I don't have the heart to tell her I'm playing it by ear as we go.  I just bluff and pray hard that I don't waste her money . . . destroy her room . . . ruin her life.  It's a big responsibility.

And my gift to her.




I, on the other hand, get overwhelmed by anything non-human that grows.  Well . . . maybe not easy things like mold or mildew, but hard things like plants!!

This spring after I helped Shay pick out fabrics for her guest room; she reciprocated by determining to assist me in filling some planters for my back porch.

She's great at planters and ferns and perennial beds . . . basically anything rooted into soil.  This is her window box after planting.  Just wait until the end of the summer.  It will blow your socks off!!




I become a blubbering fool when walking in to a nursery and beginning to consider seasons of bloom, charting the light, matching up plants with similar water needs, dead-heading, fertilizing, and drainage.  Good grief, I haven't had to put that much thought into raising my children!!




She helps me pick out flowers.  She checks out the little plastic how-to-care-for tags.  She consults the sales assistants.  She talks me through my breathing when I begin to hyperventilate with the minutiae of it all.




She even taught me about the "thriller," "filler," and "spiller" principle of planting.  I thought she was a flat-out genius.  Until I learned that it's such a common concept that the plant companies have started tagging their plants with those designations.




She arranged my planters, trying to remain calm as I bumbled my way through planting.




Here it is . . . one of my two finished planters.  Dracena, lantana, upright geraniums, cascading geraniums, ivy, and asparagus fern.  Positively dreamy!

Now if all planets align, the sun rays come in at the right angle, and no one shakes the container, maybe they will actually survive and thrive.




And there is also the matter of remembering to water it!
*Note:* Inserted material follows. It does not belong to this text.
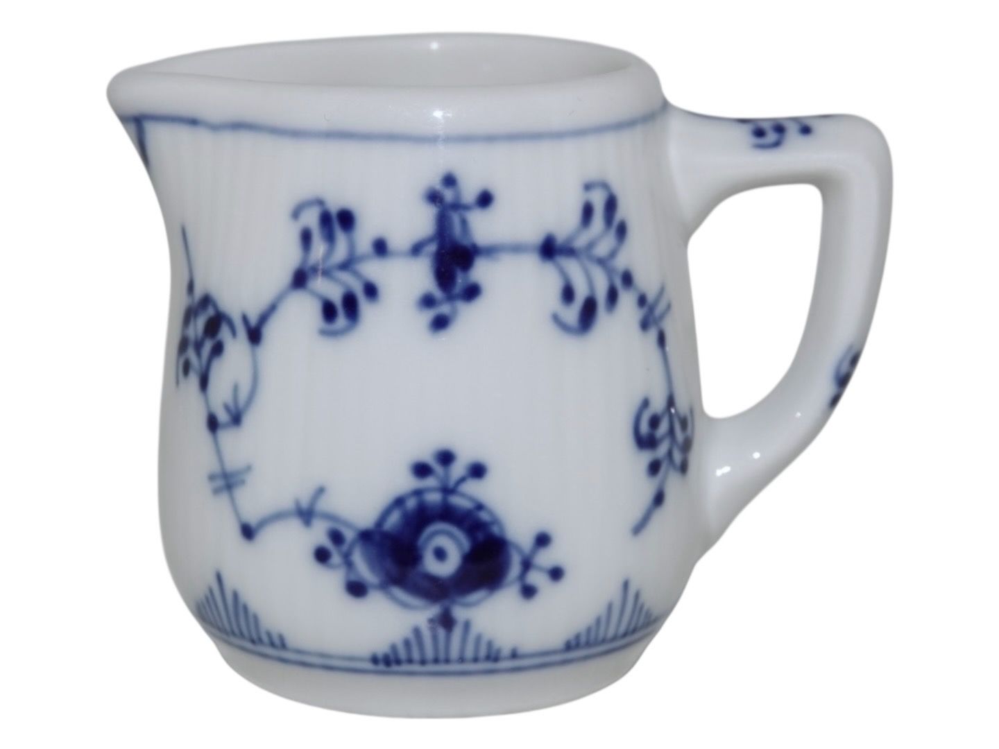 Beskrivelse: Royal Copenhagen Musselmalet Riflet i tykt jernporcelæn, miniature flødekande.
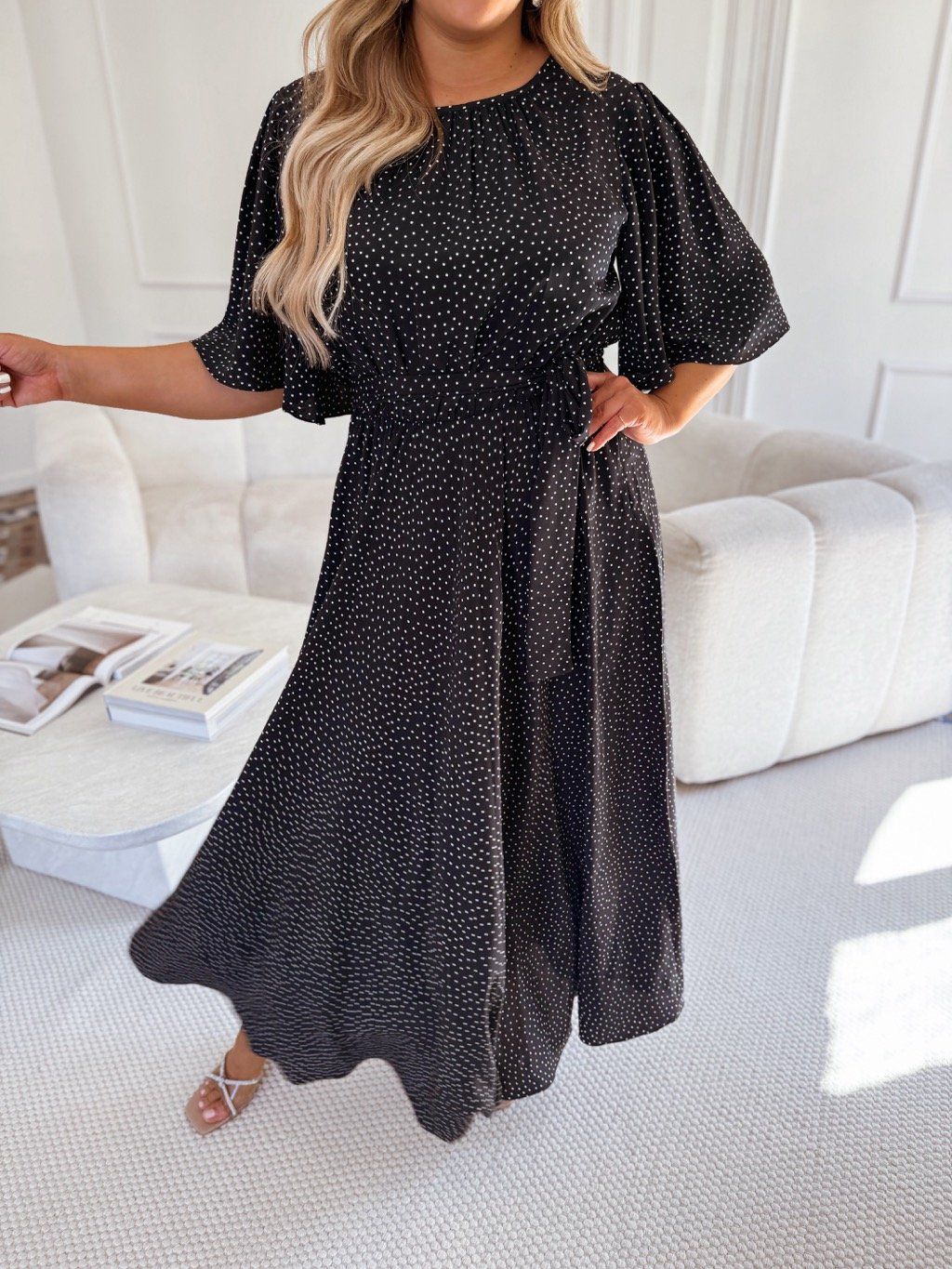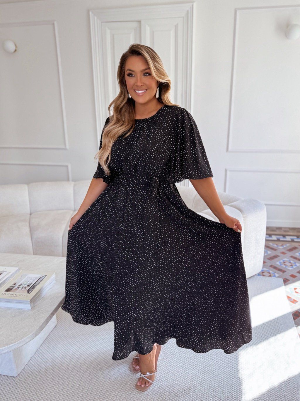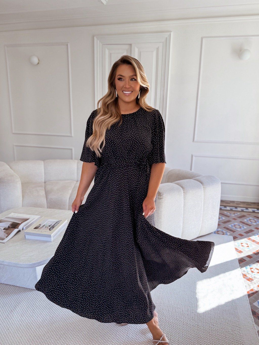 Čierno-biele bodkované šaty

Children tell you when they're thirsty.  With plants, I'm somehow supposed to remember to do this on my own.

This summer, I must now keep me hydrated, keep children hydrated, keep pets hydrated, and now, somehow, keep these plants hydrated.  (More deep and slow breathing.)

Shay is confident I can do it.  She's like that.

I believe the dusty blue of the bedspread will go with the blue in her oriental rug . . . and that the lamp looks right . . . and that using antique kitchen scales as an accessory really is "in."

Sharing our gifts, believing in each other, cheering each other on.  It's the blessing of friendship.